Green space in cities can take many forms, including dedicated parks, street trees, private gardens, and corporate public spaces. The more specific term ‘green infrastructure’ usually, though not always, is used to describe landscape elements that incorporate vegetation as part of a system to control runoff of stormwater.

How important are green spaces and green infrastructure in urban environments?

Green spaces are essential features of high quality urban environments. On an individual level, they can provide cool, quiet and restorative areas of respite within an otherwise stressful urban landscape. On a larger scale, green vegetation pulls carbon out of the air, which helps slow climate change, while also cooling the local environment and reducing impacts of a warming world.

Photo by Kelly Sikkema on Unsplash.

What are the benefits of access to green spaces in urban environments?

A large and growing epidemiologic literature documents a range of health benefits associated with living in close proximity to green space, including reduced overall mortality rates and cardiovascular diseases, and improved mental health. The mechanisms through which green space imparts health benefits remain the subject of active research, but likely include some or all of the following: psychological benefits including reduced stress; enhanced immune function; increased physical activity; social connectedness; improved air quality.

How has the COVID-19 pandemic affected people’s perceptions of green spaces?

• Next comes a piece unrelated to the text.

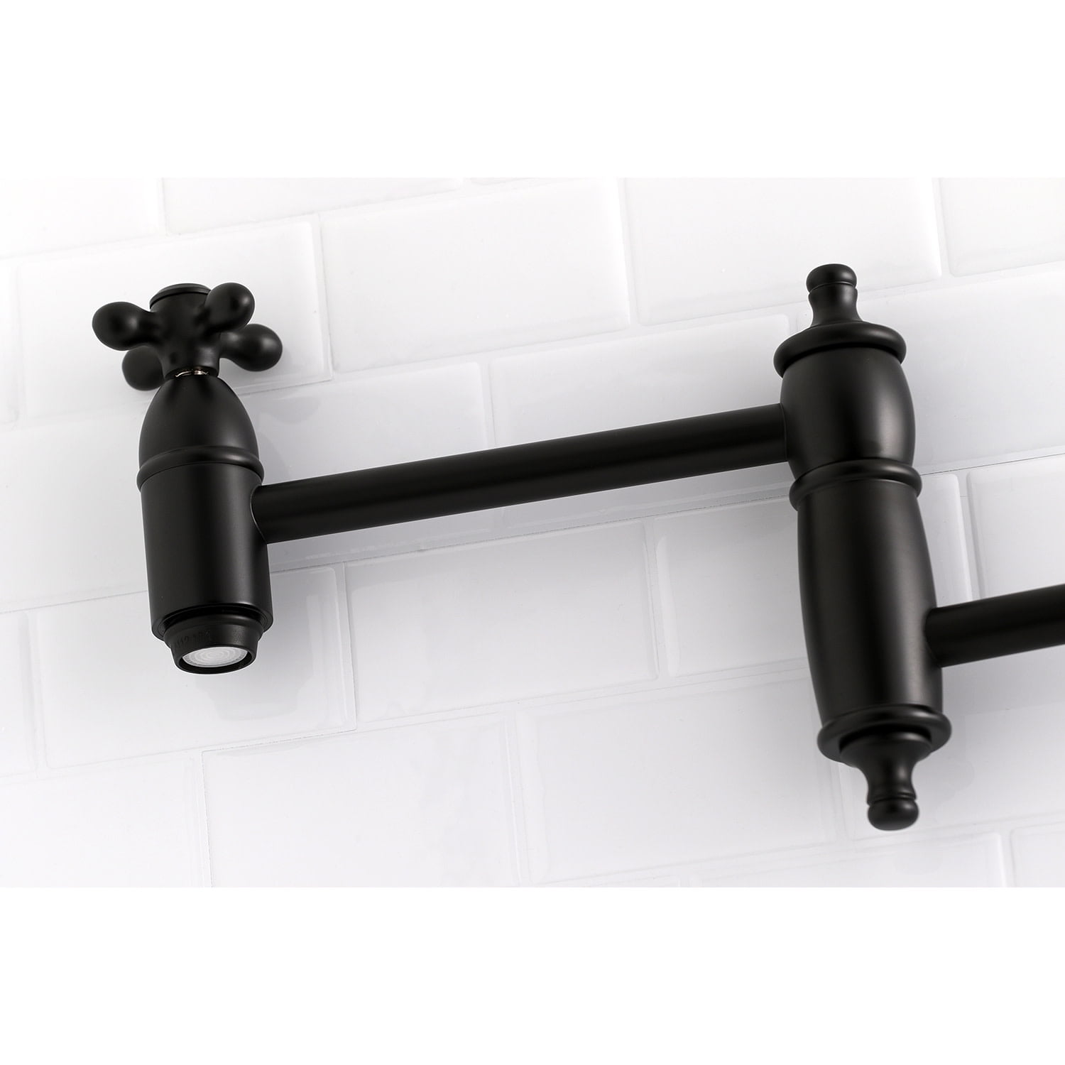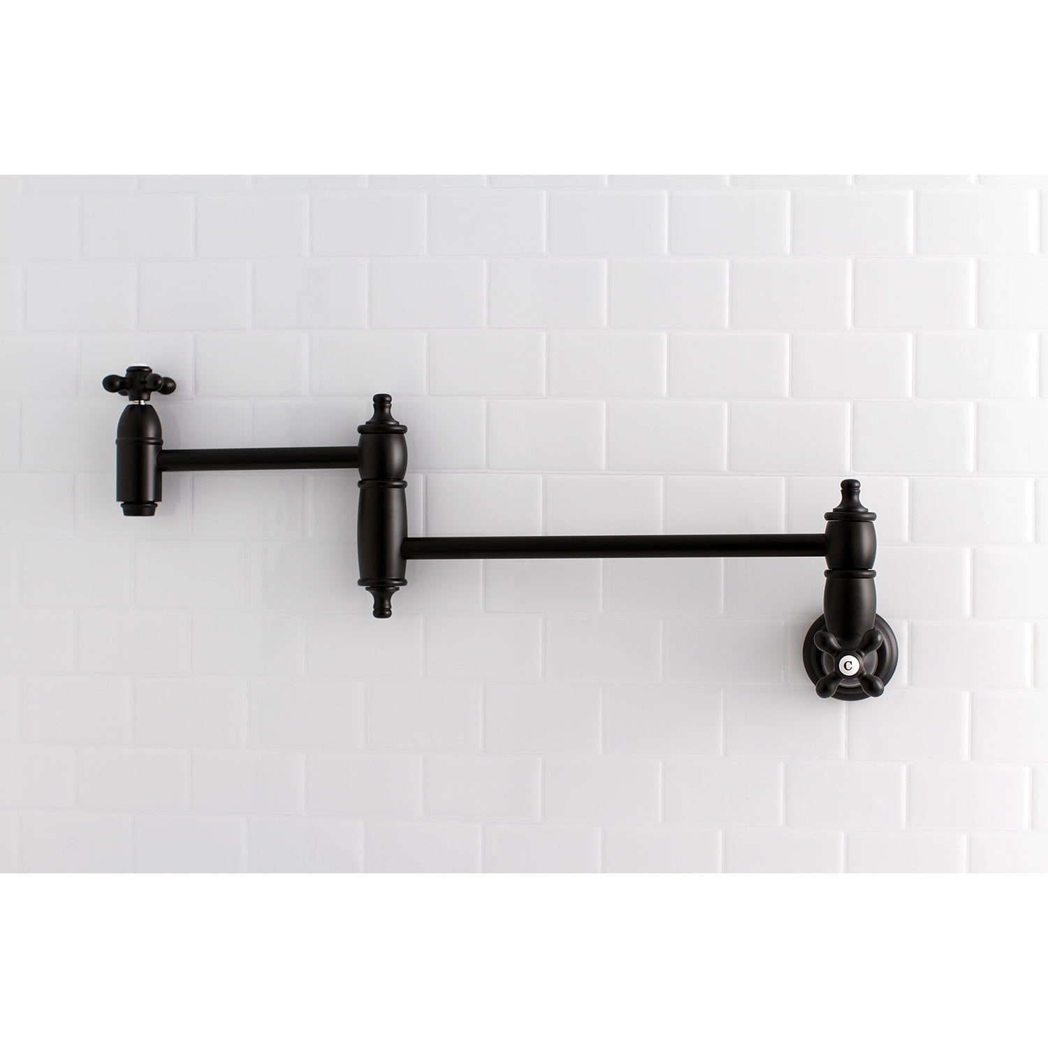 Kingston Brass KS3100AX Restoration Wall Mount Pot Filler Kitchen Faucet, Matte Black Solid brass construction Drip-free ceramic disc cartridge Wall mount single hole installation Convenient swing arm spout Swivel double jointed spout extends up to 20″ 7-15/16″ spout height 1/2″ IPS inlet connection 3.8 GPM/14.4 LPM spout flow rate at 60 PSI Cold water supply connection only Corrosion-resistant finish Designed for long-lasting durability Cross handles for easy rotation

Recent evidence has confirmed increases in recreational use of green spaces during the COVID-19 pandemic, which likely reflects several factors including time savings from not commuting, the relative ease of social distancing outdoors, and green spaces’ role as an antidote to ‘cabin fever.’ Along with improved air quality, this change in nature engagement may represent an important health benefit amid the otherwise devastating impacts of the COVID-19 pandemic.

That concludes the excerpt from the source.